__EXERCISE PROMPT__:
From the material below, copy exactly the lines beginning with the one that contains "The first of" and ending with the one that contains "La solución para"; the pictures stay out.

__DATASET RECORDS__:
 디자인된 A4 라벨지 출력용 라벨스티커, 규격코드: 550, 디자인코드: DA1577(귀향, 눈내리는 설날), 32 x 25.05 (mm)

...

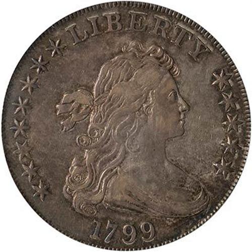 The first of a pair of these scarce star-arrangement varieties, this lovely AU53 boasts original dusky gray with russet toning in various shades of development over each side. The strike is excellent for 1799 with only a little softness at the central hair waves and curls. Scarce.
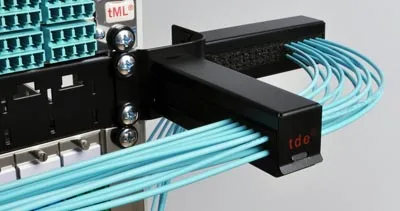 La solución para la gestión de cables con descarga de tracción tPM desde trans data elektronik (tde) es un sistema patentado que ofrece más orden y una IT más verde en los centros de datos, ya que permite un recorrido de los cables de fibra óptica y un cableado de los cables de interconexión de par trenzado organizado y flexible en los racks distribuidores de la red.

__ANSWER BOX__:
 The first of a pair of these scarce star-arrangement varieties, this lovely AU53 boasts original dusky gray with russet toning in various shades of development over each side. The strike is excellent for 1799 with only a little softness at the central hair waves and curls. Scarce.
 La solución para la gestión de cables con descarga de tracción tPM desde trans data elektronik (tde) es un sistema patentado que ofrece más orden y una IT más verde en los centros de datos, ya que permite un recorrido de los cables de fibra óptica y un cableado de los cables de interconexión de par trenzado organizado y flexible en los racks distribuidores de la red.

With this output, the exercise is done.